"""

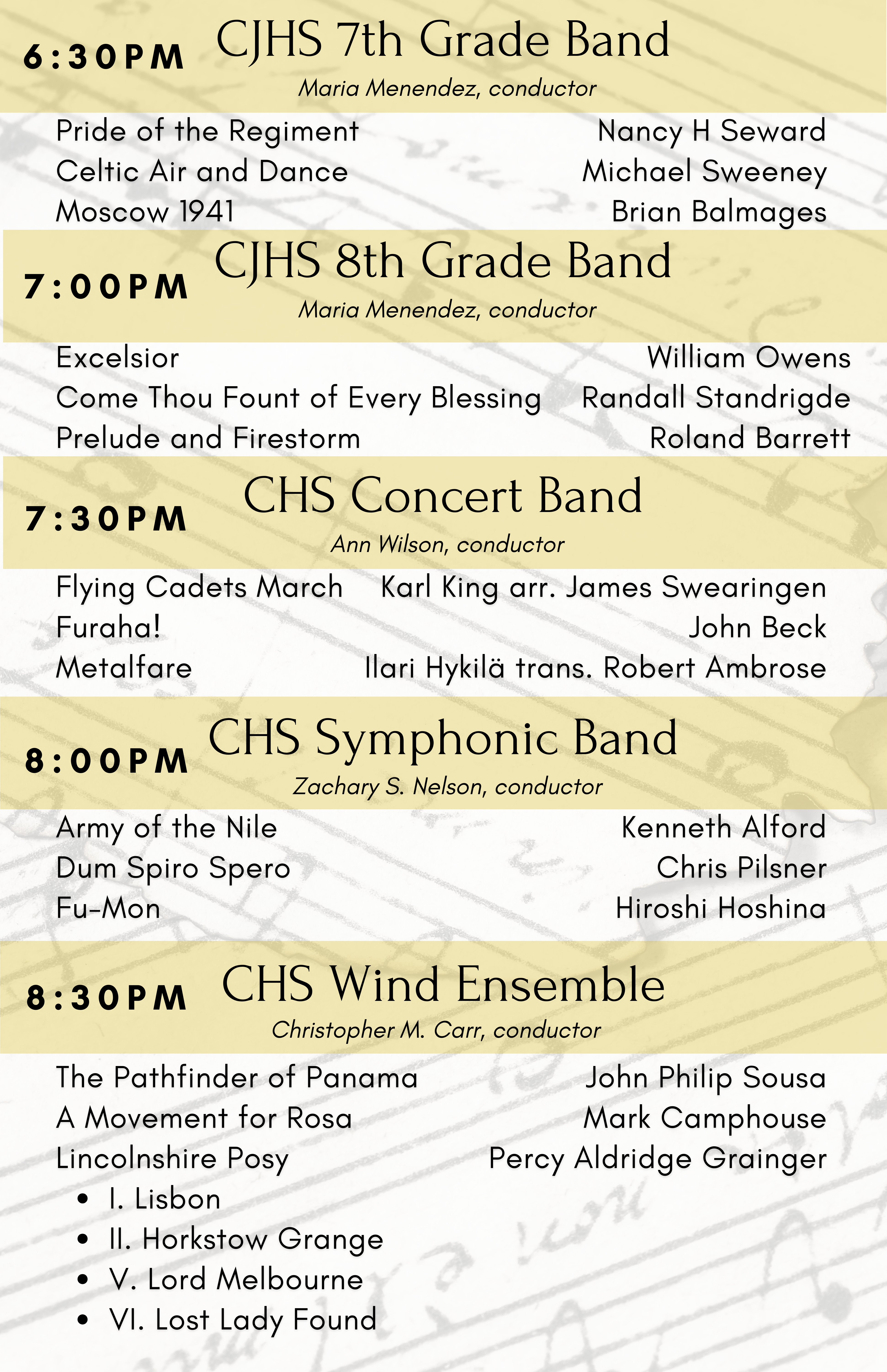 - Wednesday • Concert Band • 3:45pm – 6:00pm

"""
"""

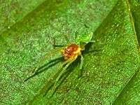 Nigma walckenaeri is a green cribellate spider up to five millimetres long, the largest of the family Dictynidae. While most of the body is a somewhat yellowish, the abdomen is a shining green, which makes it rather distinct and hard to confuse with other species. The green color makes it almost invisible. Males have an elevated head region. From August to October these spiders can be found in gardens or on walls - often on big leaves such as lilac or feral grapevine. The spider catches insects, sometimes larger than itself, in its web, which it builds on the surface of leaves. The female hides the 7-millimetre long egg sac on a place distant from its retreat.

"""
"""

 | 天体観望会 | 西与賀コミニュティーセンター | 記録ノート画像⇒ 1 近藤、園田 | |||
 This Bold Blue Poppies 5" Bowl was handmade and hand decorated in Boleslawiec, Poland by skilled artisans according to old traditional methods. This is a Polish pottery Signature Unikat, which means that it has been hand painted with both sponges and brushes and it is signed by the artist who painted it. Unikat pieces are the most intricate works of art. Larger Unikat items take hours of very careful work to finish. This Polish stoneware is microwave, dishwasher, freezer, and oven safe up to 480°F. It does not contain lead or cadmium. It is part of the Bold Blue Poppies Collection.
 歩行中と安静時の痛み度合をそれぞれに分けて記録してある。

"""

• **Problem statement**
From the records above, extract exactly and only the lines that begin at the line with "1 近藤、園田 | |||" and stop after the line with "歩行中と安静時の痛み度合をそれぞれに分けて記録してある。".

• **Exercise answer**
 | 天体観望会 | 西与賀コミニュティーセンター | 記録ノート画像⇒ 1 近藤、園田 | |||
 This Bold Blue Poppies 5" Bowl was handmade and hand decorated in Boleslawiec, Poland by skilled artisans according to old traditional methods. This is a Polish pottery Signature Unikat, which means that it has been hand painted with both sponges and brushes and it is signed by the artist who painted it. Unikat pieces are the most intricate works of art. Larger Unikat items take hours of very careful work to finish. This Polish stoneware is microwave, dishwasher, freezer, and oven safe up to 480°F. It does not contain lead or cadmium. It is part of the Bold Blue Poppies Collection.
 歩行中と安静時の痛み度合をそれぞれに分けて記録してある。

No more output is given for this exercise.